Characterization of Measures in the dual of BV

When: Thu, April 30, 2015 - 3:30pm
Where: Math 3206
Speaker: Monica Torres (Purdue University) -
Abstract: http://www2.cscamm.umd.edu/~jabin/TorresMaryland2015.pdf

High-dimensional Numerical schemes and Dimension Reduction techniques for Uncertainty Quantification based on Probability Density Functions

When: Thu, May 7, 2015 - 3:30pm
Where: Math 1308 (Note Room Change)
Speaker: Heyrim Cho (Brown University) -
Abstract: Probability density functions (PDFs) provide the entire statistical structure of the solution to stochastic systems.

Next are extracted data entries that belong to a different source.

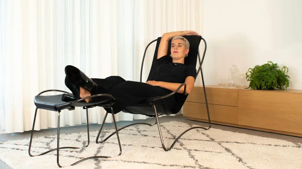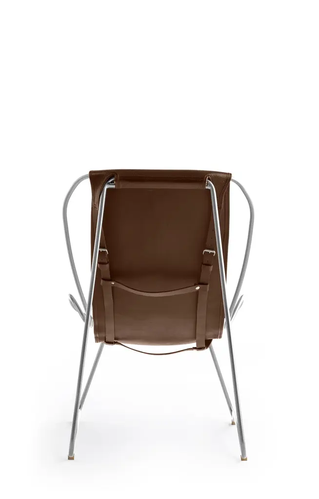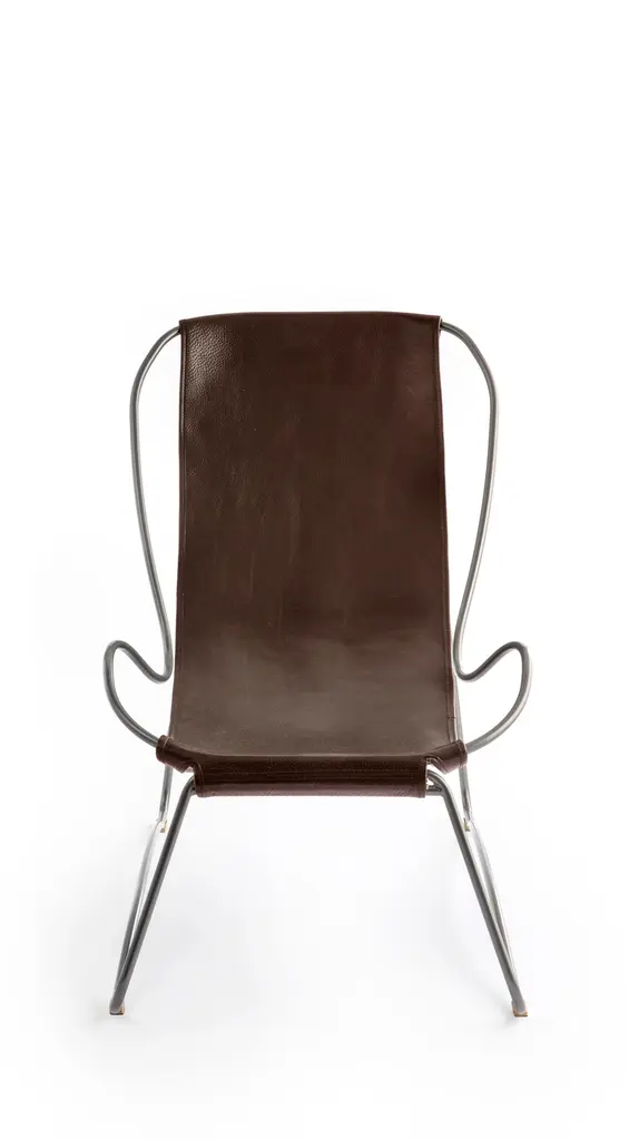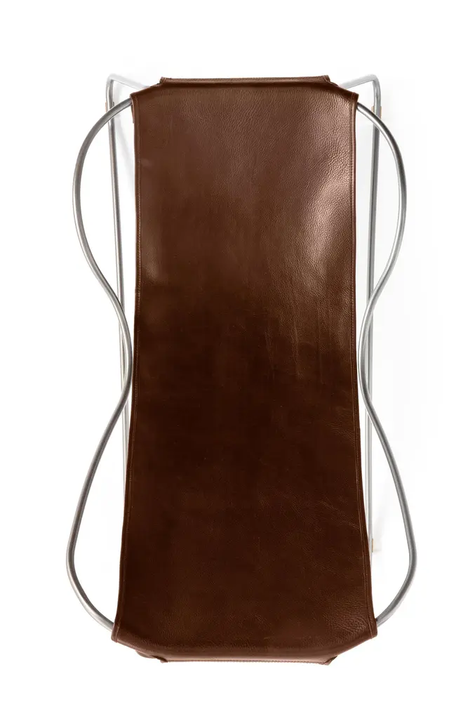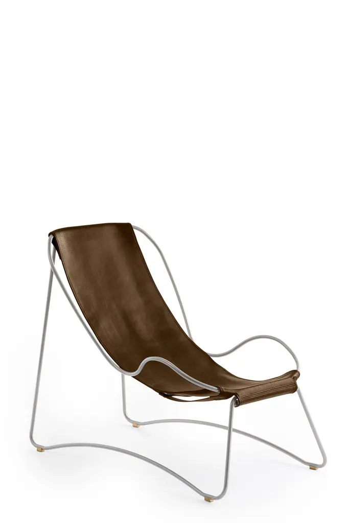 The Hug contemporary chaise longue and ottoman is designed and conceived with a light aesthetic, the slight oscillation of the steel rod of 16 / 12 mm is complemented by the flexibility of the double 3.5 mm thick leather. When sitting in this furniture you feel an enveloping sensation, like being hugged, since the weight of the body is distributed evenly. Each unit becomes a refuge of visual and ergonomic wellbeing.Our Hug Collection is inspired by the organic lines of a landscape, the curves of nature, and the imaginary silhouette of the wind inspire this collection of organic forms, almost like metallic sculptures. All pieces are done with cold bended steel rods, polished, nickel plated, colored by electrolysis, and lacquered. The process of polishing and lacquering the steel, goes through a manual and delicate chroming process, which gives its final and unique metal color finish. This precise technique gives a uniform metallic finish of minimum 50 microns over the entire Surface. Our metal finishing has successfully passed a corrosion resistance test in a salt spray chamber according to UNE-EN ISO 9227: 2017 and UNE-EN ISO 1456: 2010. Our signature screws are made with brass turning lathed, polished, and lacquered, these are the pieces that fix the saddle leather to the metal frame.Leathers are Spanish hides vegetable tanned. We use premium saddles in multiple colors to adjust to your taste and interior needs. This traditional vegetable dying and tanning method is an organic technique that relies on natural tannings from bark or plant tissues. The use of oils and natural fats give the leather a distinctive flexibility and texture, allowing it to be molded, retain its shape and age graciously.All skins are carefully selected from food industry, with a minimum thickness of 3.5 mm / 0,02 in, using the part of the animal's shoulder, which allows for larger pieces and uniformity, even though signature wrinkle from the animal’s neck may be recognizable. The vegetable tanning is a traditional and artisan treatment, which is respectful to the environment. Even with careful selection natural marks as a result of the contact with other animals, the age, origin and characteristics of the skin, or even the season in which the tanning takes place cannot be avoided. We still believe that these factors only add authenticity and uniqueness to every piece. Our leather parts are made with double saddles, always showing the top side of the hides that presents the better quality.Customization options.With the aim of creating customized pieces, clients can select from the various metal finishes, and leather colors to create pieces that complement their home décor. Leather colors available, black, navy, dark brown, cognac and natural tobacco, and steel polished finishing available, aged brass, black smoke and aged silver.Normally we use tone on tone threats for stitches, but client can select a contrast option, being possible to select any color to make a unique piece for the project it belongs. The finish on the edges of our leather components are sanded and hand painted. We have the option of select an alternative color if not tone on tone will be applied.Please consult in case you are interested on having a particular heat embossing stamp on the leather with your own branding.Our collections are made to full fill home spaces where to gather and enjoy great conversation with families and friends. Occasional furniture for exquisite homes, from cottages to exclusive resorts. Our product is understood as a sculptural piece of design, as an art object to be displayed at different house spaces as library, bar, living, foyer, bedroom, powder, meeting, grand or great room.The different finishes options make the furniture perfect combinations on diverse styles, from rustic mountain home, a small cottage, a ski lodge retreat, or industrial a minimalist look.
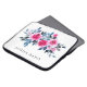 Moderne en stijlvolle laptophoes met helder roze waterverf rozen, blauw en grijs foliage op een witte achtergrond. De tekst kan worden veranderd.
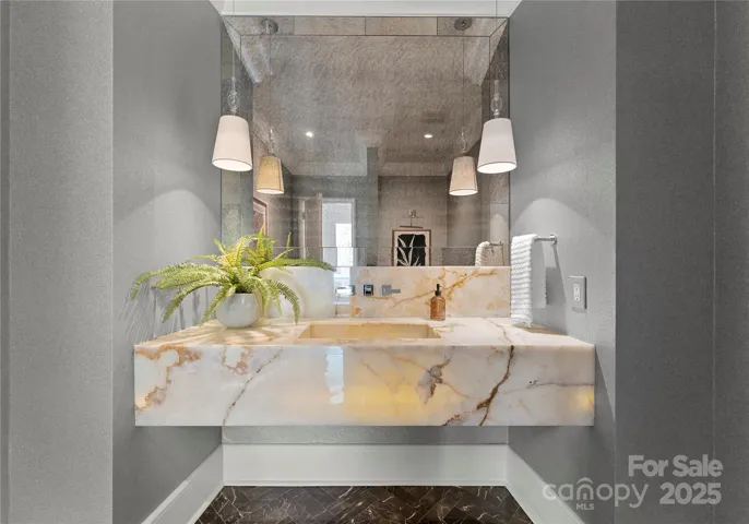 A luxurious old world estate, nestled in the prestigious gated Morrorcroft community. The exterior showcases an invigorating fusion of stone craftsmanship and a terracotta roof. Upon entrance, warmth envelopes you as you step onto heated flooring while surrounded by an exquisite blend of modern decor enriching the ambiance, featuring high-quality materials and craftsmanship. Your culinary dreams can become a reality in our chef’s kitchen, fully loaded high-end appliances, and a private wine cellar accompanied by Sub-Zero wine cooler. Outdoor entertainment is revolutionized with a resort-style in-ground pool and hot tub, along with an inviting cabana bar. Extraordinary landscaping enhances your privacy, ensuring a discrete environment for your gatherings. A full home gym with a sauna and attached bathroom coupled with ample vehicle parking facilitated by a three-car garage and a provision for two-car lifts perfectly caters to fitness enthusiasts and automobile connoisseurs alike.
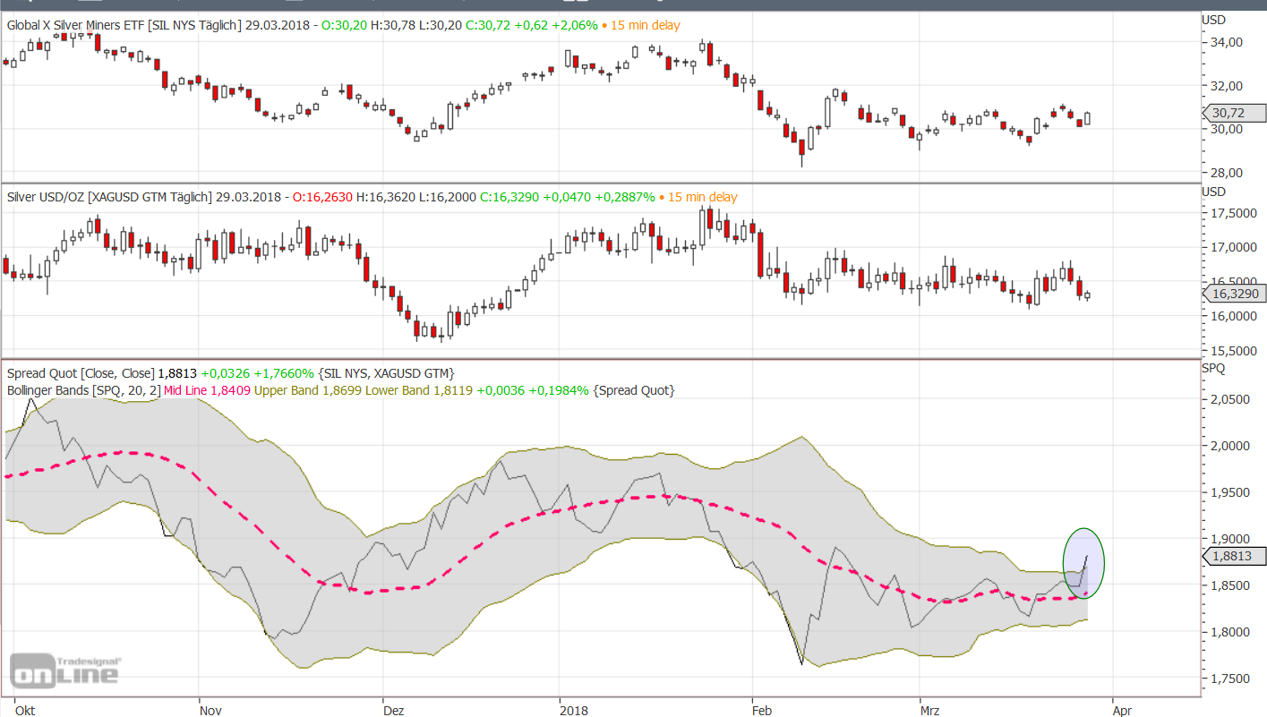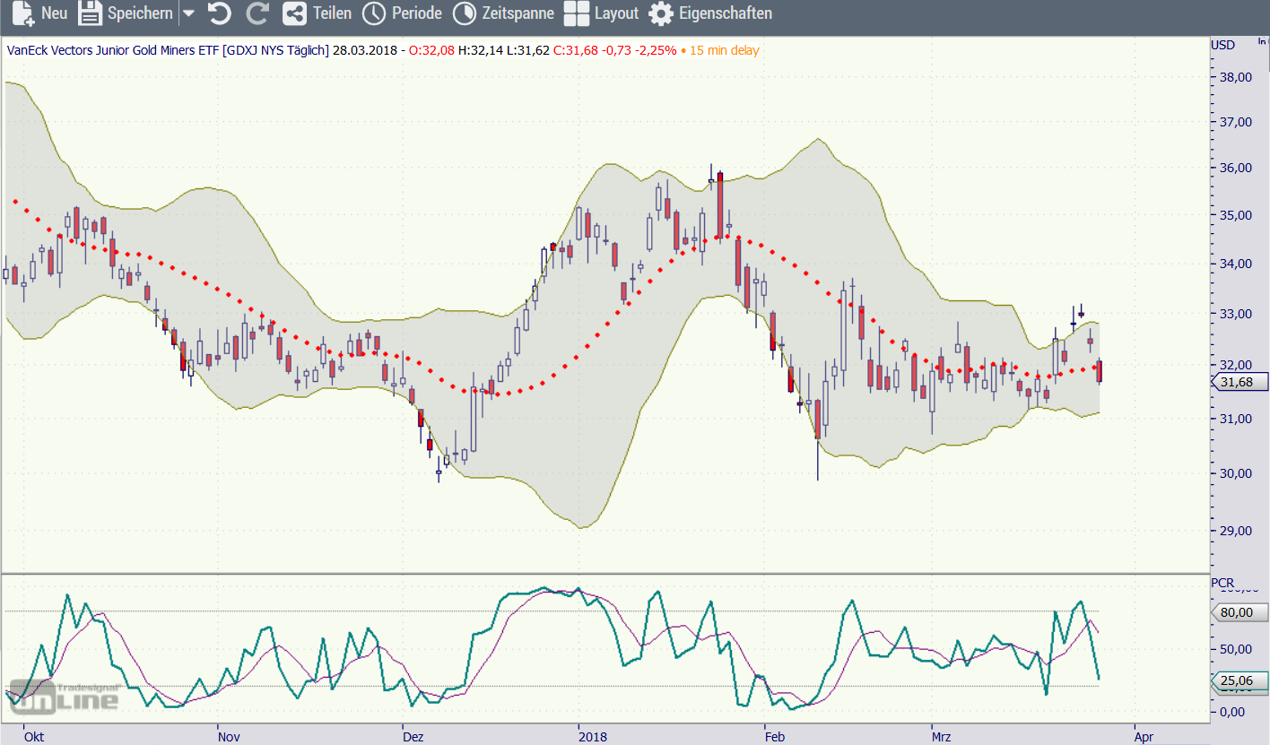 Die Quote GDXJ zu Gold ist wieder unter das mittlere Bollingerband gefallen.
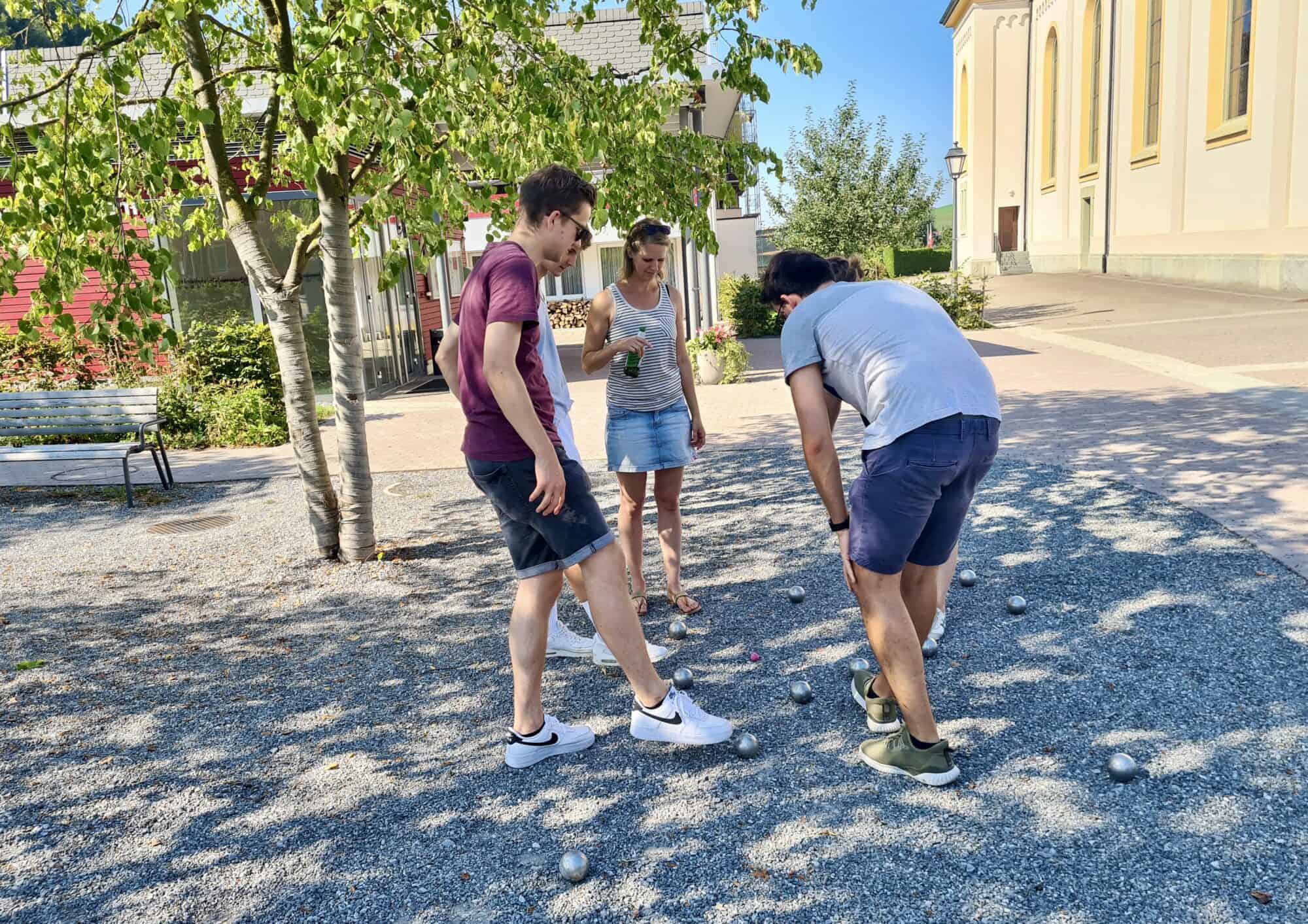 Am Nachmittag ging unser Programm auch schon weiter und wir kamen wieder in Menznau beim Kirchenplatz zusammen. Hier konnten wir in Form eines Turniers unser Können im Boule unter Beweis stellen. Der neue Titelverteidiger des Wanderpokals heisst Mathias, Gratulation!
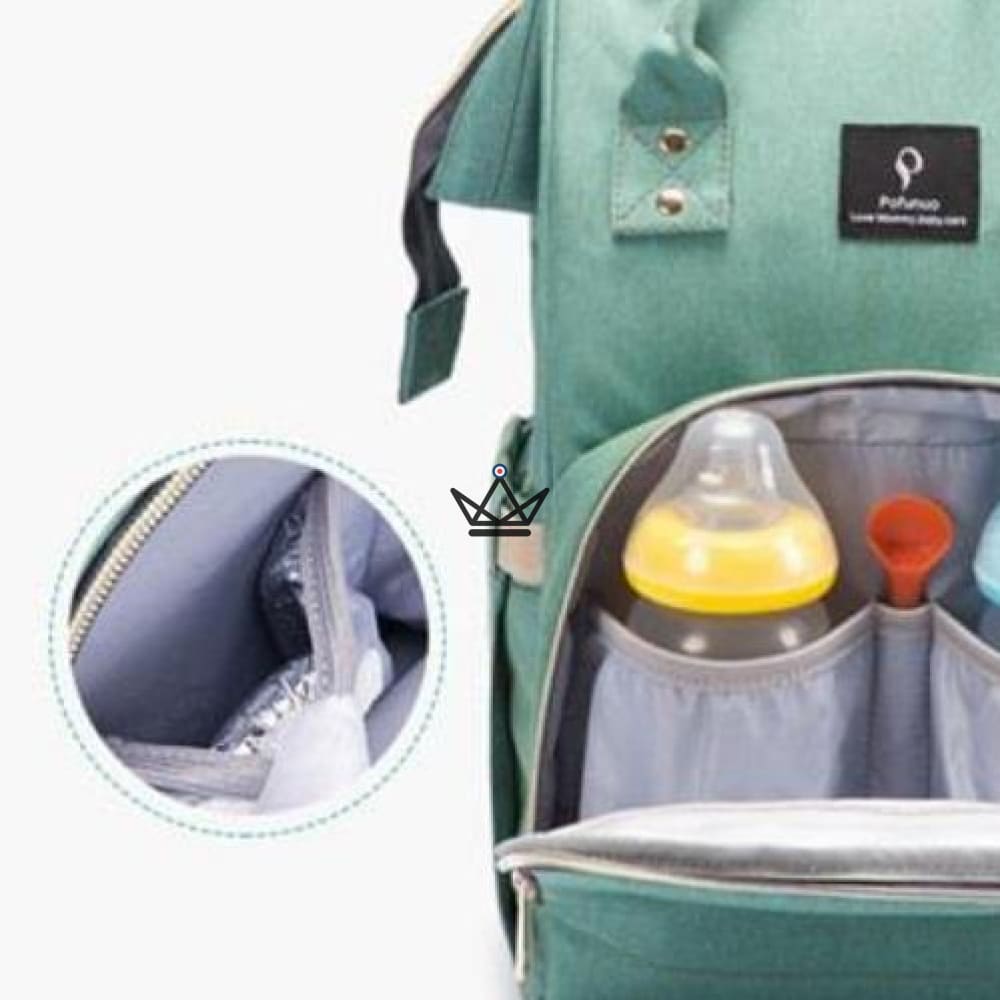 La poche de devant peut contenir vos biberons à température grâce à son revêtement isotherme. Où que vous soyez, vous pouvez fournir à votre bébé un biberon à température idéale.
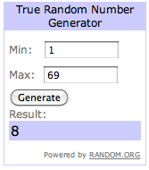 Once again, thank you so much for your support over the last two years. And thanks to all who entered my celebration giveaways, and to the lovely giver-awayers! Without further adieu, the randomly selected winners:
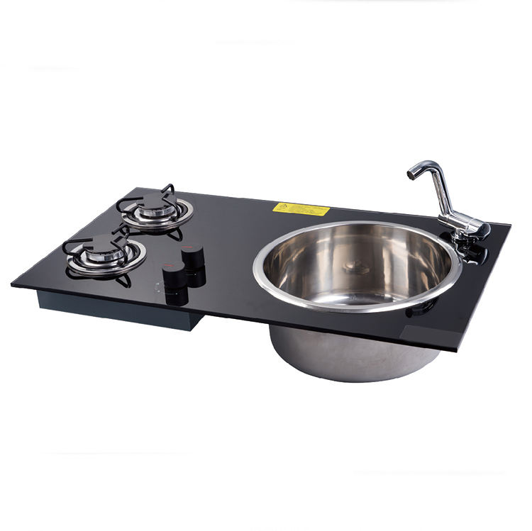 เตาแก๊ส RV กระจกนิรภัย0.8มม. เตาแก๊สสองหัวสำหรับรถพ่วงอ่างล้างจานแบบโค้งมน
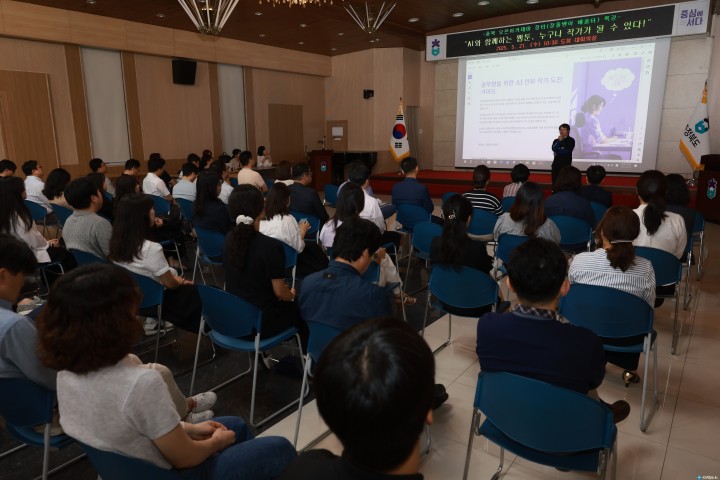 강연자로 나선 서정은 작가는 강남대학교 서양화과를 졸업하고, 『코믹 메이플스토리』, 『수학도둑』, 『쿠키런 어드벤처』 등 수천만 부의 누적 판매를 기록한 학습만화 시리즈를 기획·감수해 온 대한민국 대표 아동만화가다. 이날 특강에서는 ▲웹툰 제작의 전반적인 과정 ▲AI 기반 웹툰 제작 도구의 활용법 ▲충북도청을 배경으로 제작된 AI 웹툰 공개 등 다채로운 실전 콘텐츠가 소개돼, 참석자들의 큰 호응을 얻었다. ‘오픈아카데미 장터특강’은 ‘장돌뱅이 배움터’라는 부제를 달고 운영되는 도의 혁신 교육 프로그램으로, 공직자들의 창의력 향상과 정책 아이디어 발굴을 위한 지식 교류의 장으로 자리매김하고 있다. 김영환 충북도지사는 “AI 기술이 일상 속으로 빠르게 스며들고 있는 지금, 누구나 창작자가 될 수 있는 가능성을 확인하는 뜻깊은 자리였다"며 “공직자들이 디지털 창작 도구에 대한 이해를 넓히고, 새로운 도전의 계기를 갖기를 기대한다"고 했다.

In this talk, we introduce the joint response-excitation PDF approach that generalizes the existing PDF evolution equations and enables us to do stochastic simulations with random initial condition, coefficient, and forcing, involving non-Gaussian colored noise. We develop efficient numerical algorithms to solve this system from low- to high- dimensions. In particular, we develop high-dimensional numerical schemes by using ANOVA approximation and separated series expansion. Alternatively, we employ dimension reduction techniques such as Mori-Zwanzig approach and moment closures to obtain reduced order PDF equations. The effectiveness of our approach is demonstrated in various stochastic dynamical systems and stochastic PDEs, such as Duffing oscillator that reveals chaotic dynamics and Burgers equation yielding multiple interacting shock waves at random space-time locations.

Null Frames and the Cubic Dirac equation

When: Thu, May 14, 2015 - 3:30pm
Where: Math 3206
Speaker: Tim Candy (John Hopkins University) -
Abstract: We give an overview of recent work on the problem of small data global well-posedness for the cubic Dirac equation in 2+1 dimensions. The main obstruction is a lack of available Strichartz estimates in low dimensions. To get around this difficulty, there are two key ideas. The first is the observation, originally due to Tataru, is that it is possible to construct null frames in which key endpoint Strichartz estimates can be recovered. The second is the fact that there is a subtle cancellation (or null structure) in the cubic nonlinearity that removes the dangerous parallel interactions. This is joint work with Nikolaos Bournaveas.